*** AVAILABLE DATA Section Begins ***

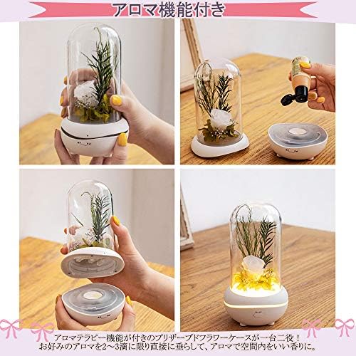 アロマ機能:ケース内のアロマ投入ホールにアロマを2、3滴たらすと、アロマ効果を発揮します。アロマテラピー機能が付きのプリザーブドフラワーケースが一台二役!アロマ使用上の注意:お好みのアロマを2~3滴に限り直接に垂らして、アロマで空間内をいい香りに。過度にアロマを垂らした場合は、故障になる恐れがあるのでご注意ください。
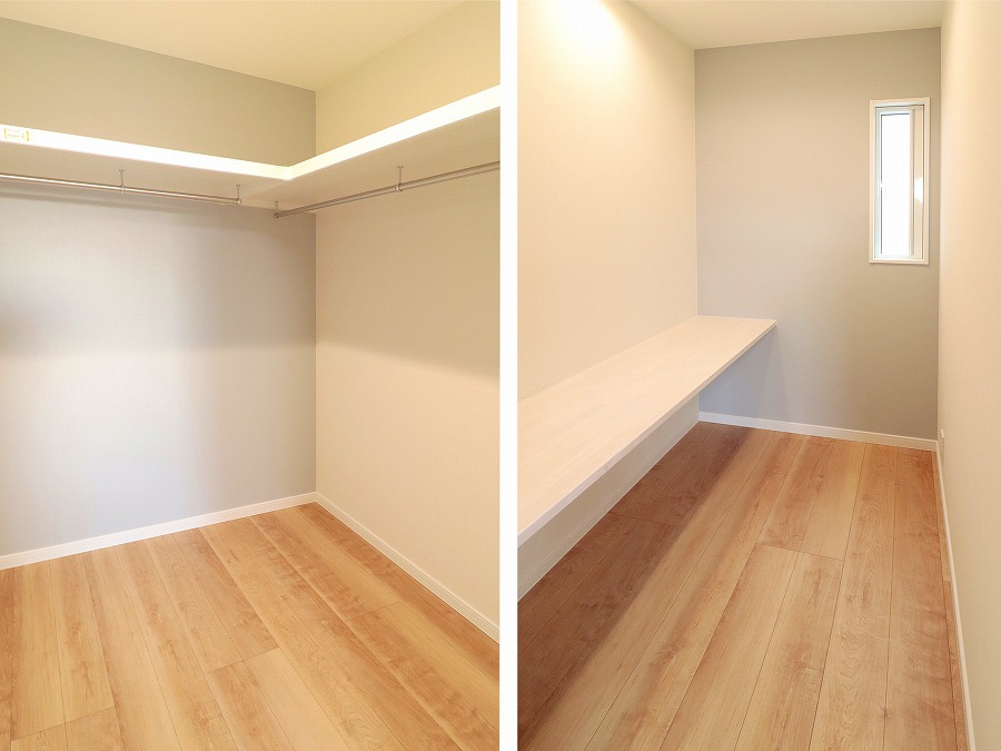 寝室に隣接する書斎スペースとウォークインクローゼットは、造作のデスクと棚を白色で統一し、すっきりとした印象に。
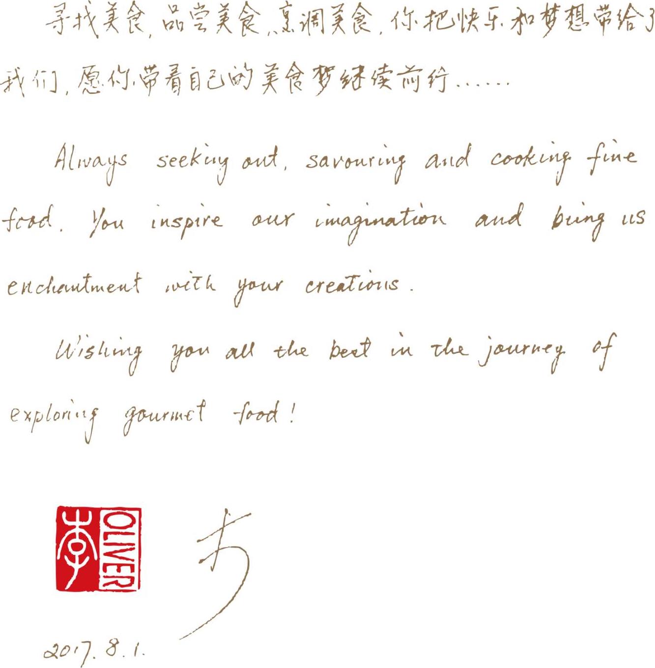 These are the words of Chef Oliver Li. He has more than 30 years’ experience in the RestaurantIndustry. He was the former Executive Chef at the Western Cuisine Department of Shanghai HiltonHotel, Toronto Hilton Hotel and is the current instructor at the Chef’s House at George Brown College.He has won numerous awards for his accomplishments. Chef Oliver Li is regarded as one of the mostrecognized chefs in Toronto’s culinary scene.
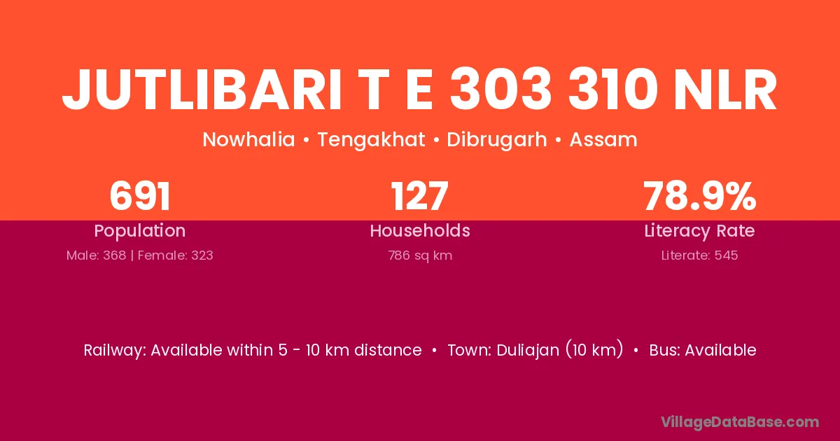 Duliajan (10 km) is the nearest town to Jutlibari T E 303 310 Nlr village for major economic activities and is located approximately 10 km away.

*** AVAILABLE DATA Section Ends ***
*** AVAILABLE DATA Section Begins ***

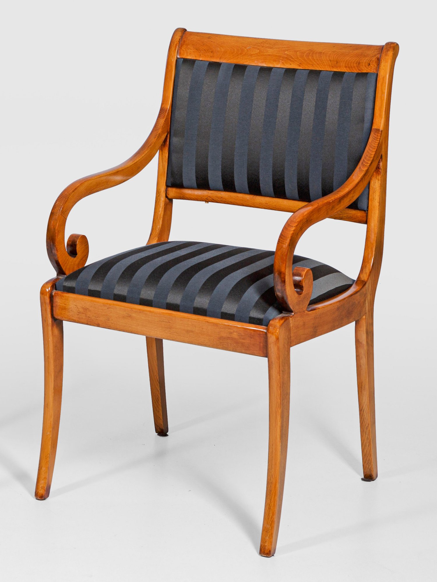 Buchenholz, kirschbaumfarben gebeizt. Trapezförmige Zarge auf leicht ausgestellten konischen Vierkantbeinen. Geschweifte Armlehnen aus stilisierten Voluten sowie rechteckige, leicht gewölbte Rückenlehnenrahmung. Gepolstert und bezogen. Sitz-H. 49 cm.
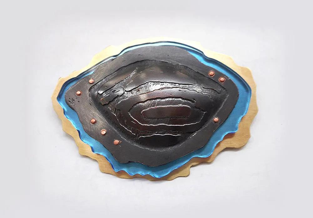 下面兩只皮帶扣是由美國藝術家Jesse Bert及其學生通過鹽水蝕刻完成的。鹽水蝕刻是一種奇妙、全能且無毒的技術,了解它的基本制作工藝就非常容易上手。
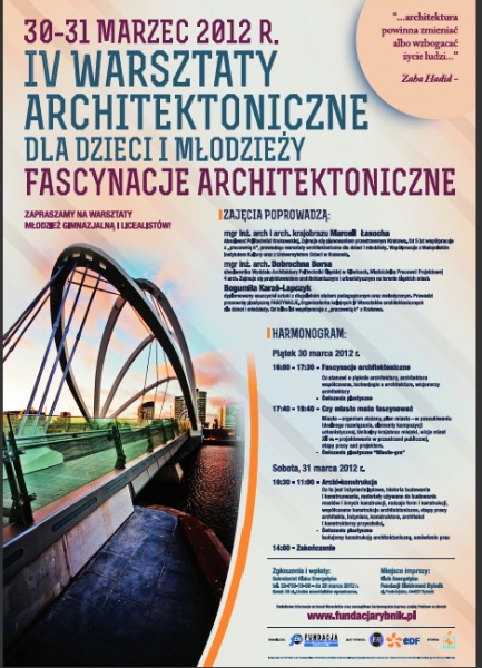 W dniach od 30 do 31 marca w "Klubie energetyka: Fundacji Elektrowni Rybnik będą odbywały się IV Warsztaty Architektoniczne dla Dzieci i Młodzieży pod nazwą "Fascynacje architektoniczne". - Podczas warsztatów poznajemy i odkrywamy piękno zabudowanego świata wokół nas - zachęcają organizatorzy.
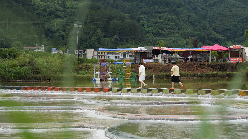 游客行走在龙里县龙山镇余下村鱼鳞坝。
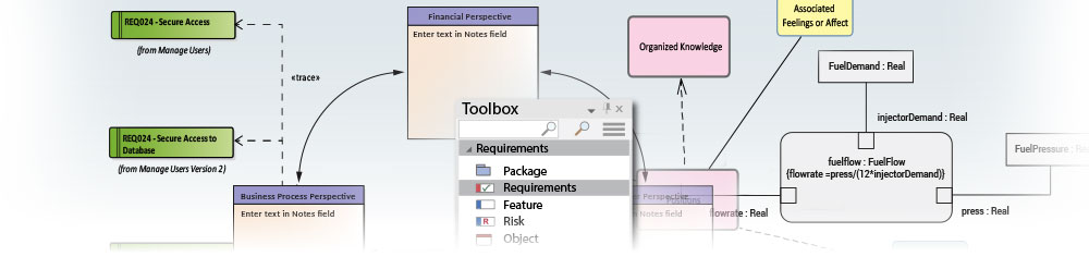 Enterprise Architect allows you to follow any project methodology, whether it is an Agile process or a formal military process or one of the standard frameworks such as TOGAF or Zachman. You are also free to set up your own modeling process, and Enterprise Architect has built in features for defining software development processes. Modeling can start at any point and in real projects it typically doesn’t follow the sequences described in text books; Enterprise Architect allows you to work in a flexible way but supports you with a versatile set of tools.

*** AVAILABLE DATA Section Ends ***
*** AVAILABLE DATA Section Begins ***

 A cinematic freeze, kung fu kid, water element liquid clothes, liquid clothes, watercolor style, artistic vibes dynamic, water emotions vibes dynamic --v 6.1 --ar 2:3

*** AVAILABLE DATA Section Ends ***

EXERCISE BRIEF:
Using the data above, output the line that has "アロマ機能:ケース内のアロマ", the line that has "Duliajan (10 km)", and whatever lines fall between, each exactly as it stands and without pictures.

WRITTEN SOLUTION:
 アロマ機能:ケース内のアロマ投入ホールにアロマを2、3滴たらすと、アロマ効果を発揮します。アロマテラピー機能が付きのプリザーブドフラワーケースが一台二役!アロマ使用上の注意:お好みのアロマを2~3滴に限り直接に垂らして、アロマで空間内をいい香りに。過度にアロマを垂らした場合は、故障になる恐れがあるのでご注意ください。
 寝室に隣接する書斎スペースとウォークインクローゼットは、造作のデスクと棚を白色で統一し、すっきりとした印象に。
 These are the words of Chef Oliver Li. He has more than 30 years’ experience in the RestaurantIndustry. He was the former Executive Chef at the Western Cuisine Department of Shanghai HiltonHotel, Toronto Hilton Hotel and is the current instructor at the Chef’s House at George Brown College.He has won numerous awards for his accomplishments. Chef Oliver Li is regarded as one of the mostrecognized chefs in Toronto’s culinary scene.
 Duliajan (10 km) is the nearest town to Jutlibari T E 303 310 Nlr village for major economic activities and is located approximately 10 km away.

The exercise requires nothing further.